In remarks published by the Turkish T24 news website on Saturday, Kavala criticized arguments presented on behalf of Turkey at the March 25 Grand Chamber hearing in Kavala v. Türkiye (No. 2) before the ECtHR in Strasbourg, France. The case concerns his continued imprisonment despite the court’s 2019 judgment and the criminal proceedings that later led to his aggravated life sentence.
Kavala has been in prison since 2017. He was convicted in 2022 over the 2013 Gezi Park protests, a wave of anti-government demonstrations that began over plans to redevelop a park in central İstanbul and spread across Turkey.
In 2019 the ECtHR found that his detention was arbitrary and pursued an ulterior political purpose, and in 2022 the court ruled that Turkey had failed to comply with that judgment. His aggravated life sentence was upheld in September 2023.
Government lawyer defends Gezi prosecution
At the March hearing, Ali Emrah Bozbayındır, dean of the law faculty at Boğaziçi University in Istanbul and part of Turkey’s legal team, argued that international courts should not delve into the details of domestic criminal proceedings and defended the Gezi prosecution by describing the protests as an “insurrectionary movement.” He also argued that success was not required for an attempt to overthrow the government, because if such an effort succeeded, “there would be no judge” left to try the offense.
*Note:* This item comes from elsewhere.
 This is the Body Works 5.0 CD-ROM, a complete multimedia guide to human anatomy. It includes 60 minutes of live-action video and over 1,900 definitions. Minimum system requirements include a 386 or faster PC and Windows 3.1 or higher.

Kavala rejected that argument in strong terms. According to T24, he said Bozbayındır was defending a view under which peaceful acts that contain no element of force or violence can still be treated as components of a collective crime aimed at overthrowing the government. Kavala said that approach erased the line between legal and illegal conduct and recalled the conspiracy theory associated with Soviet prosecutor Andrey Vyshinsky during the Stalin period, under which people could be treated as criminal partners based on an alleged unity of purpose even if they did not know one another.
He also criticized the logic used against him, saying it amounted to claiming that he had tried to overthrow the government by directing or inspiring people whose own actions had in fact been found not to amount to such a crime. T24 quoted him as saying the theory reminded him of a medieval belief that the devil entered innocent people and pushed them into wrongdoing.
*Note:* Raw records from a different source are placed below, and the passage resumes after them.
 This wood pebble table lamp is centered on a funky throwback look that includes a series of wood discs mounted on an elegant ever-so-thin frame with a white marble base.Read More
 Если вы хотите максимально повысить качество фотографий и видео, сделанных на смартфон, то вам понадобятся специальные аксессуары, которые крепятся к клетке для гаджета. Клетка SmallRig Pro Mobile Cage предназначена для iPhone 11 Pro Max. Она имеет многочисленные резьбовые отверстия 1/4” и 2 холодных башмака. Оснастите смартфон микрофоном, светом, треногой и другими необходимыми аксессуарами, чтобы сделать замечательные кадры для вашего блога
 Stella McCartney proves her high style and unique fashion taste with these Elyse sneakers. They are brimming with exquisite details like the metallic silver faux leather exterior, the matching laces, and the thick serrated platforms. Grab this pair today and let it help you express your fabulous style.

Constitutional Court and ECtHR role
Kavala also defended the role of Turkey’s top court in reviewing evidence in rights cases. He said efforts to argue that neither Turkey’s Constitutional Court nor the ECtHR should examine whether evidence actually supports a criminal accusation would strip those courts of their function as safeguards against abuses, especially in politically sensitive trials. He said the more serious threat to the Constitutional Court’s standing was not his application to Strasbourg but the refusal of lower courts to implement Constitutional Court rulings in other prominent cases, including those involving jailed lawmaker Can Atalay and Gezi co-defendant Tayfun Kahraman.
On the broader state of the rule of law, Kavala said a recent Turkish parliamentary committee report stressing that ECtHR and Constitutional Court rulings must be followed was important because the Turkish Constitution requires compliance with both. But he warned that the deeper problem went beyond noncompliance with court judgments. T24 quoted him as saying that as long as politics, public administration and the judiciary continue to tolerate a failure to fully respect legal rules that protect human dignity and human rights, “the ship of law” carrying everyone in Turkey will keep taking on water.
Kavala also commented on the recent conviction of talent manager Ayşe Barım on a charge of attempting to overthrow the government in a separate Gezi-related case. He said the sentence showed that facts and findings were not being assessed through rational reasoning and accused prosecutors of presenting events that never happened as if they had occurred, which he called an abuse of authority.
The Grand Chamber did not issue a ruling after the March 25 hearing. The court said it would deliberate and announce its judgment at a later date.